Mais malgré tout, ce personnage va s’amender : je vous rappelle que nous sommes dans une comédie donc tout se termine bien, ainsi que dans un film américain où la Rédemption est indispensable. Et comme nous sommes dans une comédie, il faut que le point tragique soit atteint pour avoir une résolution heureuse. Et Aubrey Piper va réparer ses bêtises – plutôt graves puisque la maison Fisher doit être saisie suite à son escapade automobile – acculé par cette famille qui n’en peut plus de ses frasques.
Et c’est là qu’intervient celle qui fait qu’on se souvient de ce film : Louise Brooks. Comme dans la plupart des films américains dans lesquels elle a tourné, elle n’est qu’un personnage secondaire (1), à peine mise en valeur par son physique (irrésistible). Seul son regard noir est (magnifiquement) souligné par la caméra (inspirée) de Lee Garmes (s’il vous plaît).

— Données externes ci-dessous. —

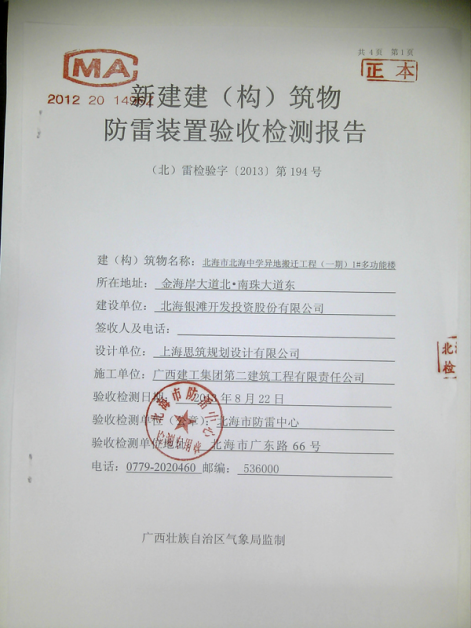 (2)核查防雷装置是否通过了验收或国家有关部门的技术检测。

C’est Clara qui va précipiter les choses et donner son titre au film dans une harangue attendue par tous : la famille comme le spectateur.

 

Bref, une nouvelle pépite issue de cette mine d’or qu’est le cinéma muet (américain en l’occurrence) qui se regarde avec beaucoup de plaisir pour toutes ses qualités et, avouons-le, aussi parce qu’on y retrouve la belle Louise Brooks…

 

  1. C’est le réalisateur allemand G.W. Pabst qui fera d’elle le sex-symbol que nous connaissons.